The spring 1995 collections, though, do not simply focus on nylon through eyes misted with nostalgia. Dr Carothers's miracle fibre has undergone an extraordinary rehabilitation beyond hosiery and is now the hip fashion fabric.
It was not always so. In its early days, easy-care nylon was the modern fabric heralded as the key to utopia. But then in the Seventies it suffered a serious image problem along with other synthetics. However, high technology has improved the aesthetics of appeal, feel and performance (it has also reintroduced nylon's sibling yarn, Lycra) and fashion is once again captivated by nylon.
Witness its extraordinary success under the Prada label. First it shaped what had become humble nylon into chic bags, then parkas and rainwear that suddenly everyone in the fashion firmament wanted. Now Prada has fashioned nylon into little white A-line minis and tops.
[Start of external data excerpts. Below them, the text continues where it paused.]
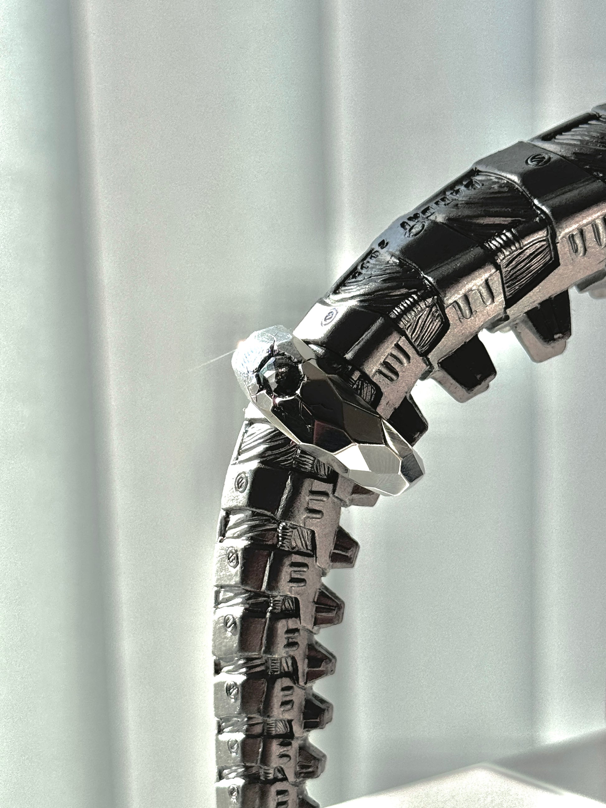 A bold, tapered silhouette meets an illusion flush setting, seamlessly uniting metal and stone. Chunky yet refined, striking yet effortless. Our most radiant piece to date, catching the light with every movement.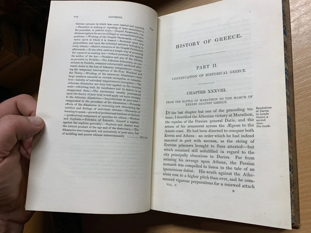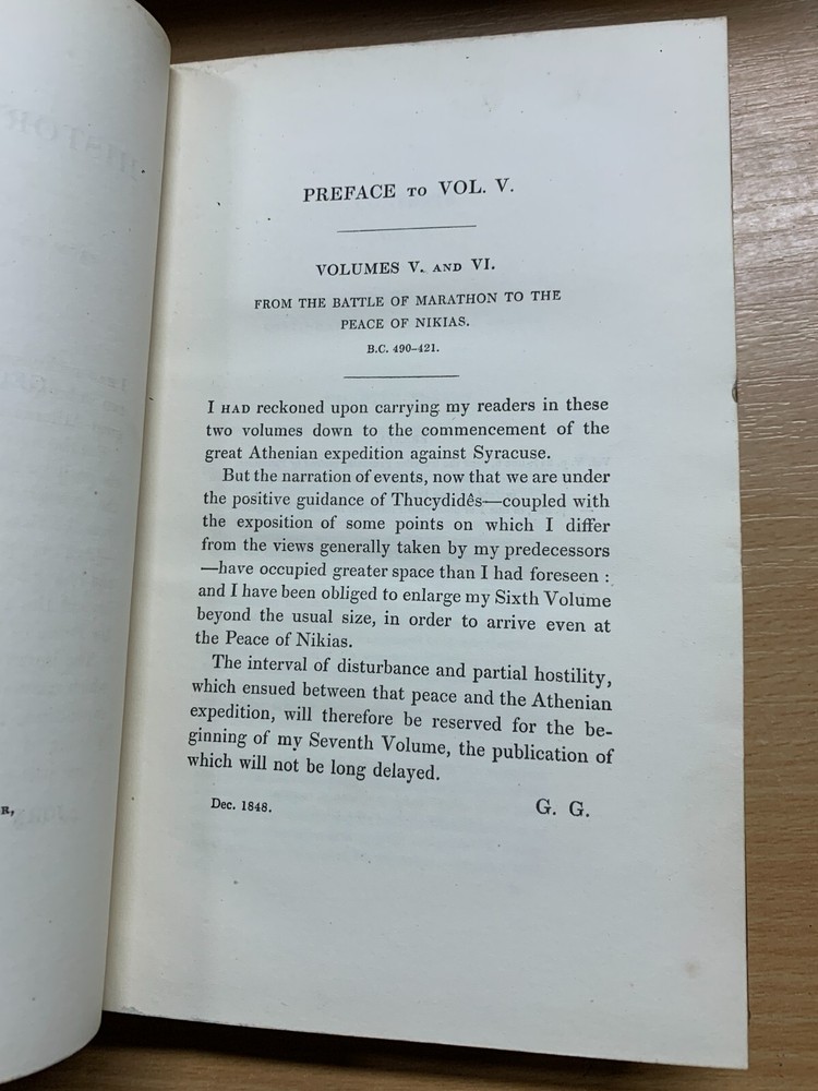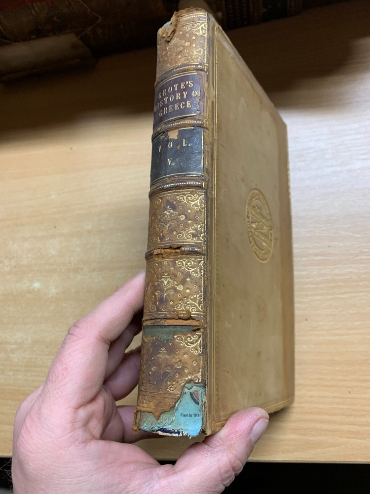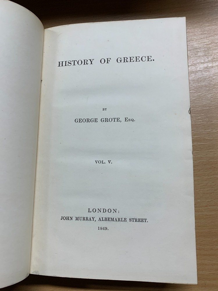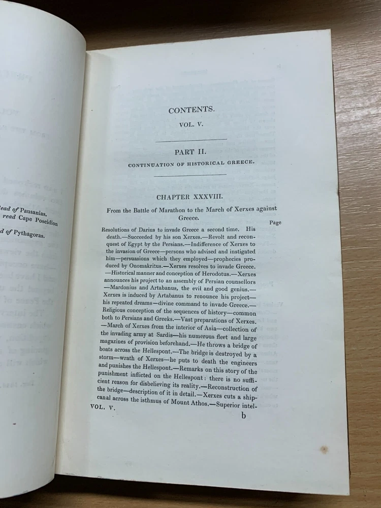 *RARE* 1849 "HISTORY OF GREECE" GEORGE GROTE VOLUME 5 WITH MAP ANTIQUE BOOK (P6) Great *RARE* antique leather fine binding hardback book from 1849 by George Grote on the history of Greece. Volume 5 only. Photo 3 shows the lovely marbled design page edges. Contains illustrations including a fold out map (see photo 22). Photo 2 shows a missing section on the bottom of the spine cover but does not impact on page binding inside. Photo 23 shows some wear to the top of the spine cover. Photo 24 shows antique pen writing from 1858 on an initial blank page but binding and other pages inside are in superb condition especially as the book is 175 years old. NOTE: THIS IS THE ONLY COPY FOR SALE ON EBAY (UK & INTERNATIONALLY) AT TIME OF LISTING! Measures 22cm tall x 14cm wide. Weighs just over 1kg. See photos for most of the content pages and examples of pages inside. (P6) - Ignore this, it is my International weight pricing code. Discounted P&P for multiple purchases! (either send me an invoice request or i'll refund extra back to you) PLEASE READ BEFORE BUYING: I try my best to genuinely describe good & bad points (if any!). Happy to answer any questions before you purchase. I post items same day if purchased before 10am (UK time) otherwise it will be posted the next day except for Wednesdays (I work from home Wednesdays), weekends & public holidays. Please select 1st class if you require 1st class postage. If overseas, if you want your item tracked, contact me for price then if happy, i'll add the tracking option to the listing. Im a friendly genuine seller. Postage price includes cost of packaging. Positive feedback always left for buyers. Feel free to sign up to my eBay Shop newsletter to see new listings (new items are added nearly every day). Happy bidding!! View more great items Great *RARE* antique leather fine binding hardback book from 1849 by George Grote on the history of Greece. Volume 5 only. Photo 3 shows the lovely marbled design page edges. Contains illustrations including a fold out map (see photo 22). Photo 2 shows a missing section on the bottom of the spine cover but does not impact on page binding inside. Photo 23 shows some wear to the top of the spine cover. Photo 24 shows antique pen writing from 1858 on an initial blank page but binding and other pages inside are in superb condition especially as the book is 175 years old. I post items same day if purchased before 10am (UK time) otherwise it will be posted the next day except for Wednesdays (I work from home Wednesdays), weekends & public holidays. If overseas, if you want your item tracked, con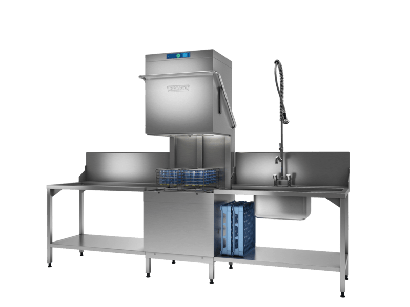 The fresh water is heated with the energy from the waste steam, thus reducing the energy required for reaching the rinse temperature by up to 7.8 kWh. - Automatic hoodlift
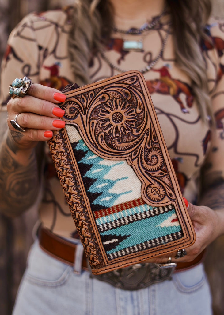 A true blend of artistry and Western tradition. This Alvaro Organiser Wallet showcases a bold woven saddle blanket inlay framed by intricate tooled leather, creating a standout piece built for everyday versatility. Carry it as a wallet, clutch, or crossbody - it’s designed to keep up with any cowgirl.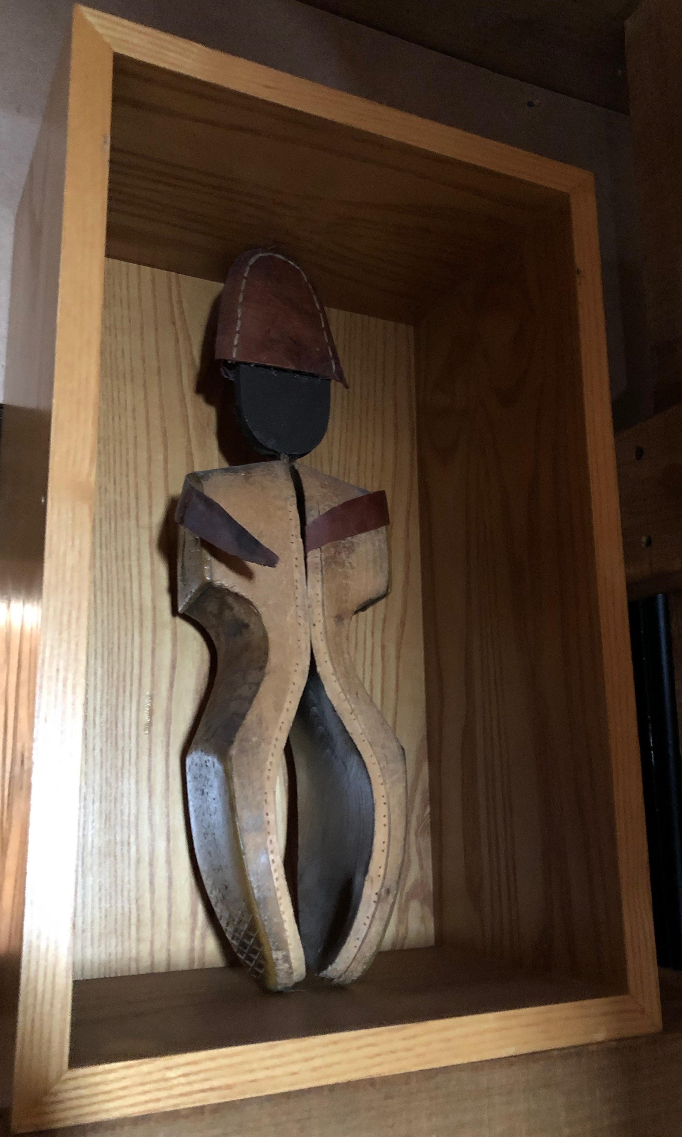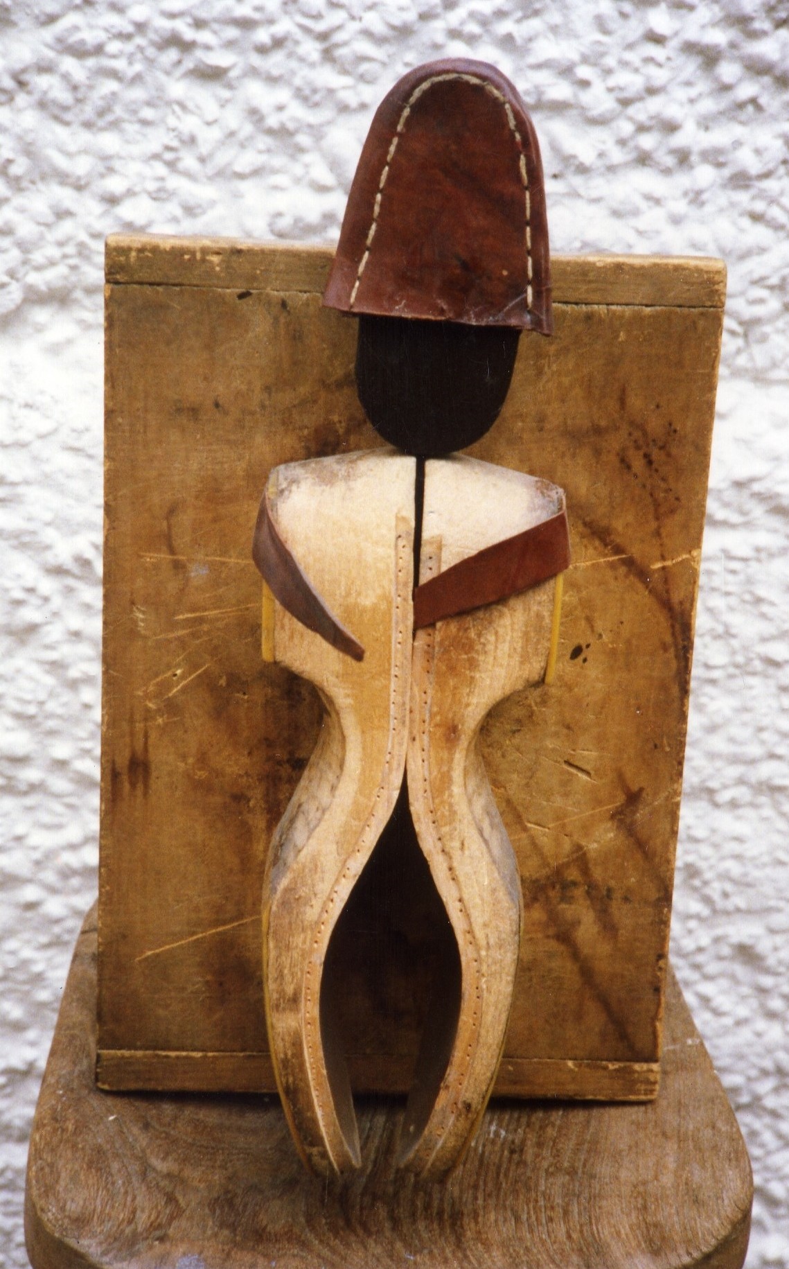 Materials and Techniques: Cloth, twine, wood board, assorted wood pieces, leather parts, wooden shoe soles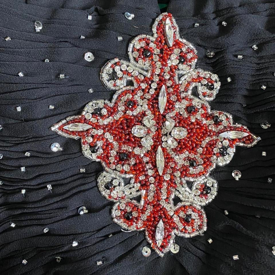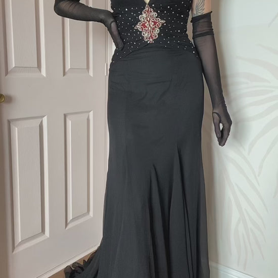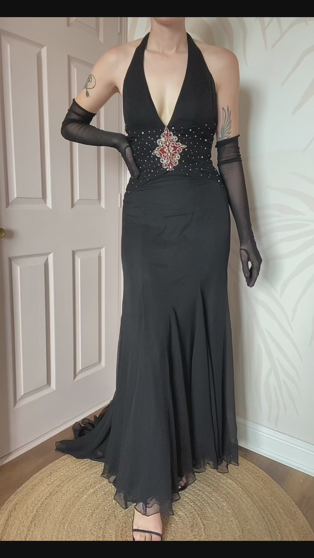 100% silk black halter neck evening gown with a decorative waist bead detailing, padded bust, hook & eye fastenings at the back of the neck & long trail down the back UK 10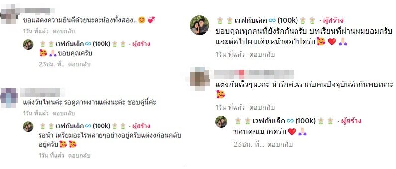 ขณะที่ เวฟ โพสต์คลิป (ชมคลิป) ตัวเองและพี่เล็กใส่ชุดไทย ออร่าบ่าวสาว มีแฟนๆมาเชียร์คู่สร้างคู่สม พร้อมสอบถามแต่งวันไหน เวฟ ได้ตอบว่า “รอน้า เตรียมอะไรหลายๆอย่างอยู่ครับแต่งก่อนกลับ อยู่ครับ”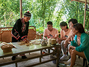 (圖片6:實踐團成員體驗拉祜族編制技藝)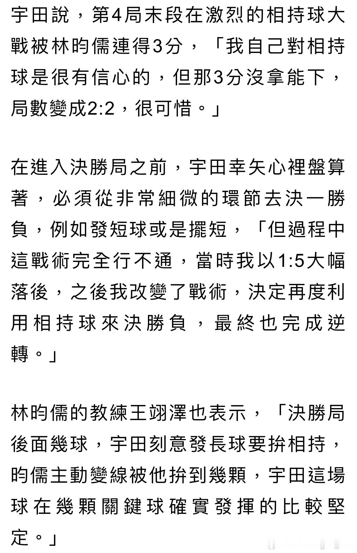 林昀儒的教练王翊泽也表示,「决胜局后面几球,宇田刻意发长球要拼相持,昀儒主动变线

At collection time, its Milanese flagship store is as mobbed with international fashion editors pushing past one another for the ultimate item in nylon as shops were 50 years ago when stocks of nylon stockings arrived. Ten years ago, in the bleak years for sticky, sweaty, humble old nylon, nobody would have believed this.
Prada is not alone in the rediscovery of a miracle fibre now half a century old. Designers including John Rocha, Donna Karan and Anna Sui are similarly enamoured of its clean, modern looks. So the 50th anniversary of VE-Day also marks a turning point in nylon's history, celebrating its past and continuing success in hosiery and unleashing its potential as a fabric for the future.
I am not the type of woman who is very at home in ultra-girlie, siren clothes - although once in a blue moon I will go all out to shock.
This could mean turning up to a sedate dinner party in a very short skirt, or something which reveals a few inches of midriff (with fake navel ring). Or it could mean putting on a pair of seamed stockings with some indecently high heels, and sashaying into a West End bar to meet friends who normally see me dressed in a smart suit and flat shoes.
Recently, I opted for a hint of stocking when I felt like being a tiny bit shocking. The stockings I chose were a homage to the Forties, when the foot section was reinforced by a thicker denier, and the seam ran up to the thigh. There is something very womanly about smoothing a pair of stockings on to the legs, but it does get annoying when the seam refuses to lie straight. Nevertheless, it is a lot easier than in my grandmother's day, when she had to use walnut juice or gravy browning to do her legs, and a crayon to draw in the seam.
But although the accompanying outfit was quite smart, the stockings seemed to give the impression that I was "on the look-out'' for a date. Which I wasn't. Eventually the heels began to take their toll on my feet, and I began to wish that I had actually chosen to go on a date, rather than out with my friends for this little foray.
Jonathan Aston seamed stockings are £3.50 and come with a black, red or white seam and in shades from black to natural. Available from Agent Provocateur, 6 Broadwick Street, London W1; 0171-439 0229.